As of the 2000 United States Census[14] there were 7,282 people, 2,323 households, and 2,014 families residing in the township. The population density was 248.3 people per square mile (95.9/km²). There were 2,377 housing units at an average density of 81.1 per square mile (31.3/km²). The racial makeup of the township was 95.12% white, 1.15% African American, 0.01% Native American, 2.39% Asian, 0.05% Pacific Islander, 0.26% from other races, and 1.00% from two or more races. Hispanic or Latino of any race were 2.58% of the population.[27][28]

Of the 2,323 households, 46.0% feature children under the age of 18, 79.6% were married couples living together, 4.9% had a female householder with no husband present, and 13.3% were non-families. 10.3% of all households were made up of individuals and 3.0% had someone living alone who was 65 years of age or older. The average household size was 3.05 and the average family size was 3.29.[27][28]

In the township the population was spread out with 30.5% under the age of 18, 4.1% from 18 to 24, 26.5% from 25 to 44, 29.8% from 45 to 64, and 9.1% who were 65 years of age or older. The median age was 40 years. For every 100 females there were 97.0 males. For every 100 females age 18 and over, there were 93.8 males.[27][28]

The median income for a household in the township was $117,298, and the median income for a family was $133,586. Males had a median income of $91,841 versus $52,076 for females. The per capita income for the township was $55,353. About 2.4% of families and 2.3% of the population were below the poverty line, including 1.8% of those under age 18 and 2.8% of those age 65 or over.[27][28]

History[edit]

The earliest records of individuals settling in the area date back to deeds dated in 1713, for properties located near a point where two Lenape Native American trails crossed at an area called Black River. With the arrival of the Rogerenes in 1730, the area developed as an agricultural community, producing applejack, flax and wool, as well as raising cattle. A burst of economic activity occurred starting in 1875 with the discovery of iron ore in the area, which led to the construction of dozens of mines, a blast furnace and many of the commercial and residential structures in the township date to that era. The discovery of far more abundant and productive mining sites in Minnesota's Mesabi Range ended that boom after nearly 15 years. Chester returned to its farming roots in the 20th Century.[30][31]

Government[edit]

Local government[edit]

A Federal-style Colonial home in Chester Township

In 1958, Chester Township changed its form of government from the Township form to a Faulkner Act form, Small Municipality, Plan C. Its structure includes four Councilmembers and a Mayor, all elected at-large for three-year terms on a staggered basis as part of the November general election, with two seats coming up for election in consecutive years followed by the mayoral seat.[5] The candidates run on a partisan basis at regular primary and general election times. Independent candidates, having declared their intentions at primary time, run only in the general election.

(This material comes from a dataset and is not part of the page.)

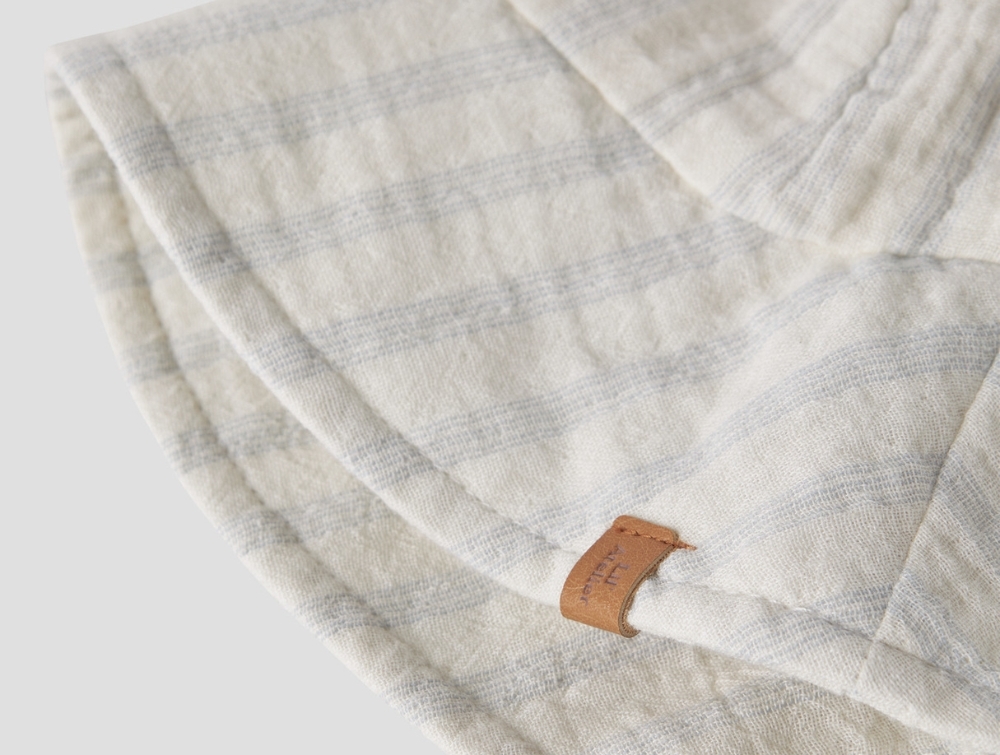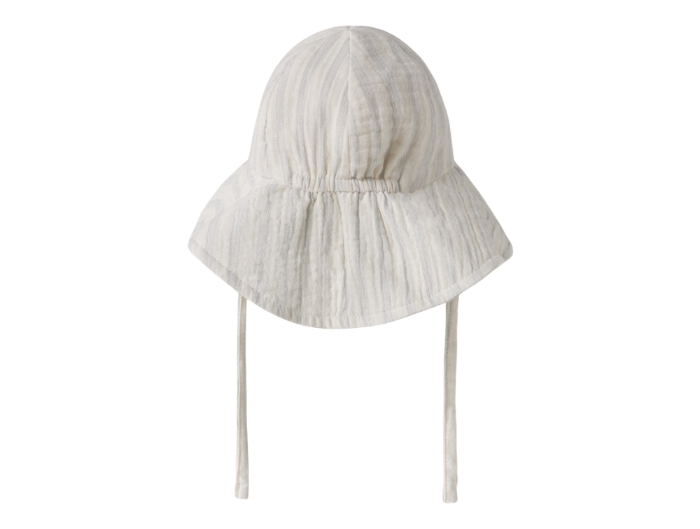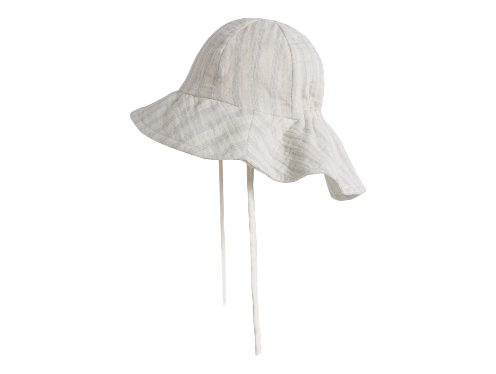 Solhat i råhvid nuance (coconut milk) fra Lil' Atelier med fine lyseblå (dusty blue) striber og bindebånd under hagen.

Chester Township's form of government features a strong mayor, who acts as the township's executive, overseeing the creation of a budget, preparing an annual financial report and the enforcement of state and local laws, and is responsible for hiring most township officials (with approval of the Council). The Council, which is the township's legislative body, selects one of its members to serve as president to preside when the mayor is not present. The mayor participates and votes in Council sessions and makes committee assignments to Councilmembers. The mayor and a member of the Council serve on the Planning Board.

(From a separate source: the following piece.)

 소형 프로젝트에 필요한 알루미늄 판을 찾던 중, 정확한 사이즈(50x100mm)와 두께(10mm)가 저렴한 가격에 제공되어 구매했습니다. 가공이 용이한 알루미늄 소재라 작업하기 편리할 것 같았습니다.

As of 2014, the members of the Chester Township Council were Mayor William A. Cogger (term ends December 31, 2016), Council President Karen Powell (2015), Matt Kass (2014), Daniel J. O'Donnell (2014) and Jacki Spinelli (2015).[32][33]

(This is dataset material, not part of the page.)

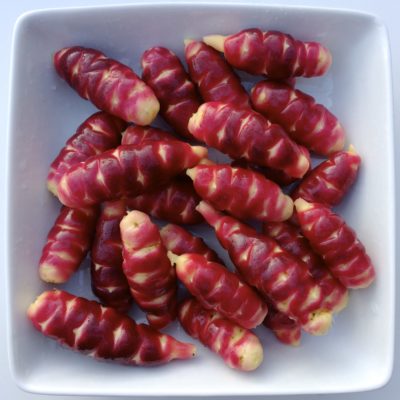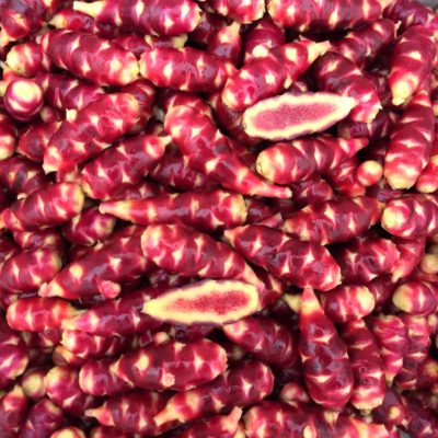 Bolivian Red slightly sweet but not tart, a combination that often reminds me of things like squash and sweet potato, although it doesn’t really taste like either one. The cooked texture is soft. Although it loses some color with cooking, it does retain quite a bit of it and remains red. This is a very attractive variety for raw use. When sliced, you get red and yellow discs, which look great in salads.

Merger discussion with Chester Borough[edit]

In 2007, New Jersey Governor Jon Corzine created incentives for municipalities with less than 10,000 inhabitants to combine with other communities. The goal is to reduce the overall cost of government and thereby offer some tax relief. "New Jersey has 21 counties, 566 municipalities and 616 school districts, and property taxes average $6,800 per homeowner, or twice the national average." [34]

Chester Borough split from Chester Township in 1930 over the creation of sewer and water infrastructure in the more densely settled center of the municipality. The residents of the rural portions of the Township did not wish to financially support the construction and maintenance of a public sewer or water utility. Since that time rural Chester Township has relied upon individual private wells for water and septic systems for wastewater treatment while the Borough is primarily, although not entirely, served by public sewer and water. Concerns over the extension of utilities into the rural Township with the resultant potential for large scale growth served as an impediment to consolidation. The prohibition of utility extensions supported by the NJ State Plan and codified in the Highlands Water Protection Act, along with the development restrictions contained in the Highlands Act have lessened those concerns. Additionally, an aggressive land conservation program in the Township has resulted in over 40% of the 29-square-mile (75 km2) Township being placed into permanent preservation, further lessening worries about potential overdevelopment. The two municipalities currently share a common K-8 school district, volunteer fire department, library, first aid squad and other municipal services.

Governor Corzine's plan to reduce or eliminate state aid had residents considering recombining towns. The two mayors publicly endorsed a cost/benefit analysis of a merger.[34] However, a merger vote planned for November 2, 2010, was delayed until 2011 due to Governor Christie's elimination of equalization funds that ensured some taxpayers do not pay more due to the merger.[35]

Federal, state and county representation[edit]

Chester Township is located in the 7th Congressional District[36] and is part of New Jersey's 25th state legislative district.[8][37][38] Prior to the 2011 reapportionment following the 2010 Census, Chester Township had been in the 24th state legislative district.[39] Prior to the 2010 Census, Chester Township had been part of the 11th Congressional District, a change made by the New Jersey Redistricting Commission that took effect in January 2013, based on the results of the November 2012 general elections.[39]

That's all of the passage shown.